Societies have a kind of collective intelligence, and a rich body of work in social anthropology tells us that collective intelligence exhibits a scaling law not unlike that of individual brains. Theory of mind, incidentally, is important both for effective teaching and effective learning, which implies that it enhances cultural evolution at the group level too.47 So, bigger societies can create and evolve more complex technologies, and thereby develop greater adaptability and resilience.48 Greater scale, in other words, can support greater intelligence, and greater intelligence improves dynamic stability, both at the individual level and at the group level.

[ from Chapter 5]

Agüera y Arcas critiques the popular ‘before–during–after’ story of AI – narrow, general, and superintelligence – as misleading. He argues that ‘general’ ability already emerged when unsupervised, sequence- predicting language models began performing arbitrary tasks through in-context learning. This was a continuous performance climb, not a discrete leap. Debates about the exact moment of AGI miss the point: intelligence evolves by degree. Even supposedly narrow systems learn universal representations, implying that every specialised predictor contains generality in miniature. From this view, AI’s ‘transition’ started as early as the 1940s with cybernetic sequence learners – the first machines to predict. The history of AI is therefore part of life’s broader story of predictive evolution.

Transitions

The emergence of ai marks what theoretical biologists John Maynard Smith and Eörs Szathmáry have termed a ‘major evolutionary transition’ or MET49 – a term we first encountered in chapter 1.50 Smith and Szathmáry describe three characteristic features of METs:

  • Smaller entities that were formerly capable of independent replication come together to form larger entities that can only replicate as a whole.

  • There is a division of labour among the smaller entities, increasing the efficiency of the larger whole through specialization.
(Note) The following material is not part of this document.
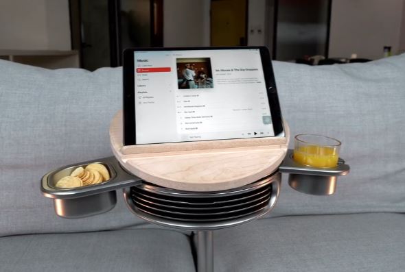 So you find yourself doing a lot of work on your couch? The Fiisto Coucha is a modular couch station that helps you relax. It comes with a cooling fan, Bluetooth speaker, snack holder, iPad stand, and wireless charger for your phone. It has a fan with max speed of 4.5m/s, operating at 45dB to keep you cool. It comes with a 10w wireless charging pad.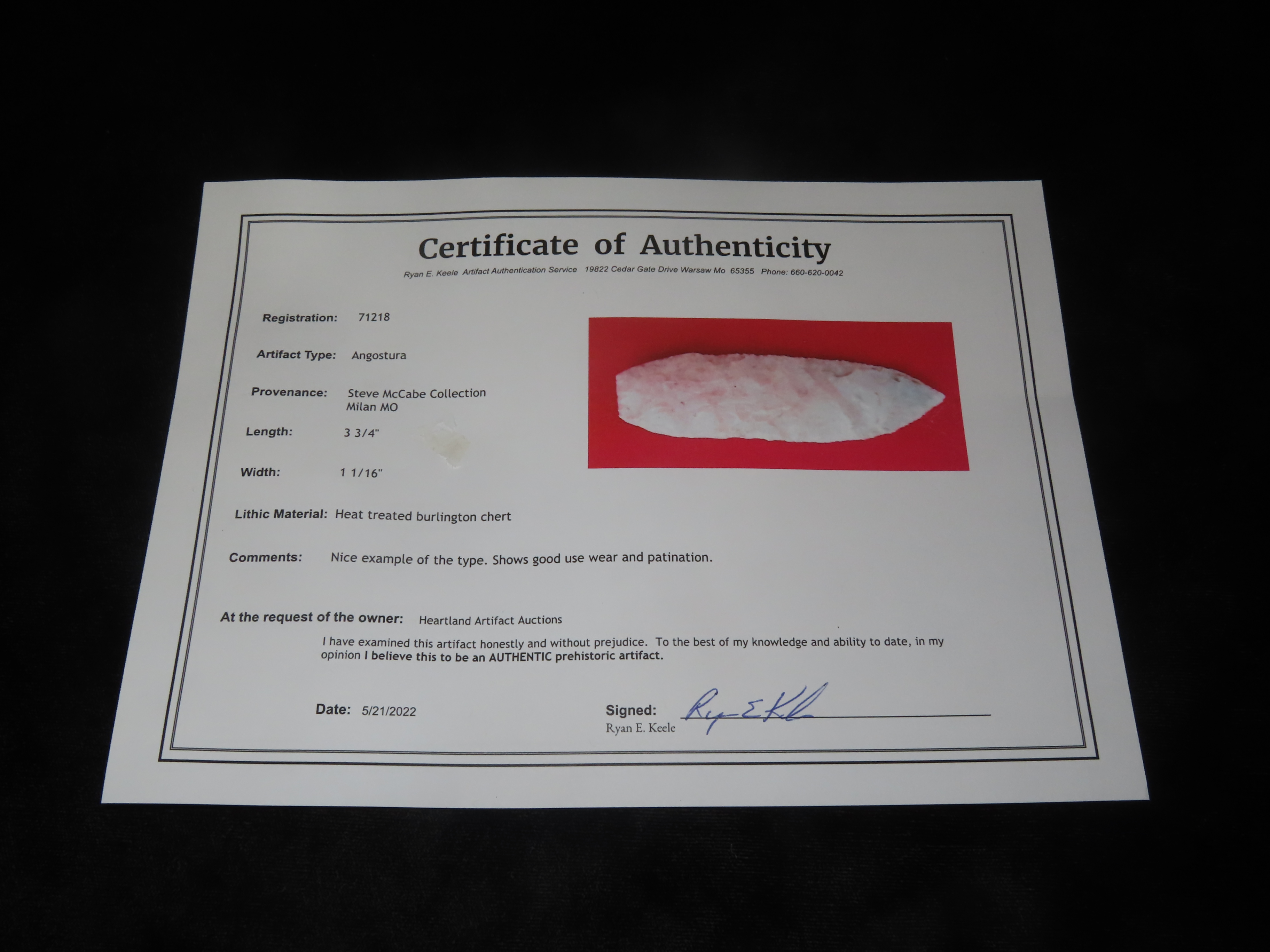 3 3/4” Angostura, Keele COA, Found In Sullivan Co., Missouri, Ex Steve McCabe Collection

  • New forms of information storage and transmission arise to support the larger whole, giving rise to new forms of evolutionary selection.
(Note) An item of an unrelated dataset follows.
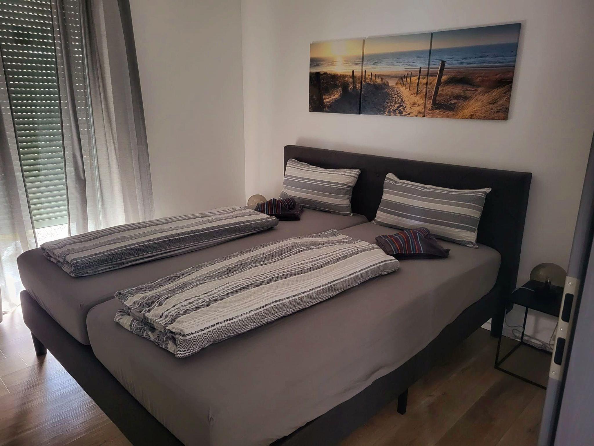- 1x Schlafzimmer unten mit Doppelbett 180x200, Flachbildfernseher, eine Kommode und zwei Kleiderständern

Szathmáry and others have since proposed a few changes (such as adding the endo- symbiosis of plastids, leading to plant life), but the larger point is that the list of major transitions is short, and each item on it represents a momentous new symbiosis with planetary-scale consequences. Any meaningful periodisation of life and intelligence on Earth must focus on big transitions like these.
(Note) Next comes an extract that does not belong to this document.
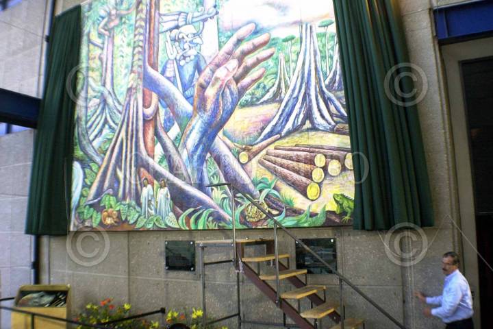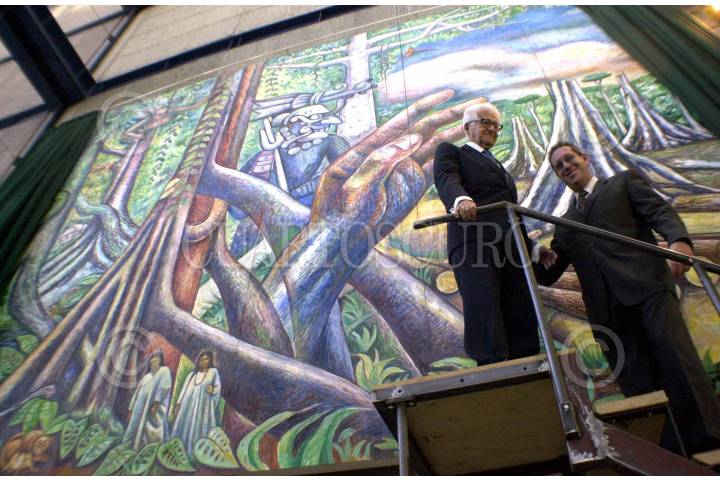 El presidente Vicente Fox fue el encargado de develar el mural "Proyección de la naturaleza", del pintor Raúl Anguiano, en la oficinas centrales de la Secretaría del Medio Ambiente y Recursos Naturales. FOTO: Pedro Mera/CUARTOSCURO.COM

That the transitions appear to be happening at increasing frequency is not just an artifact of the haziness of the distant past, but of their inherent learning dynamics, as Turchin described. Increasingly powerful predictive models are, as we have seen, also increasingly capable learners. Furthermore, in-context learning shows us how all predictive learning also involves learning to learn. So, as models become better learners, they will more readily be able to ‘go meta’, giving rise to an MET and producing an even more capable learner. This is why cultural evolution is so much faster than genetic evolution.

Max Bennett argues that ‘the singularity already happened’51 when cultural accumulation, powered by language and later by writing, began to rapidly ratchet human technology upward over the past several thousand years. This is a defensible position, and doesn’t map well to the last MET on Smith and Szathmáry’s list, since humans have existed (and have been using language) for far longer than a few thousand years. Hence Bennett’s ‘cultural singularity’ doesn’t distinguish humans from nonhuman primates, but, rather, is associated with urbanization and its attendant division of labour. Therefore, this recent transition is neither an immediate consequence of language nor an inherent property of humanity per se, but a distinctly modern and collective phenomenon. It is posthuman in the literal sense that it postdates our emergence as a species.

The Pirahã, for instance, who still maintain their traditional lifeways in the Amazon, are just as human as any New Yorker, but possess a degree of self-sufficiency radically unlike New Yorkers. They can ‘walk into the jungle naked, with no tools or weapons, and walk out three days later with baskets of fruit, nuts, and small game.’52 According to Daniel Everett,

The Pirahãs have an undercurrent of Darwinism running through their parenting philosophy. This style of parenting has the result of producing very tough and resilient adults who do not believe that anyone owes them anything. Citizens of the Pirahã nation know that each day’s survival depends on their individual skills and hardiness. When a Pirahã woman gives birth, she may lie down in the shade near her field or wherever she happens to be and go into labour, very often by herself.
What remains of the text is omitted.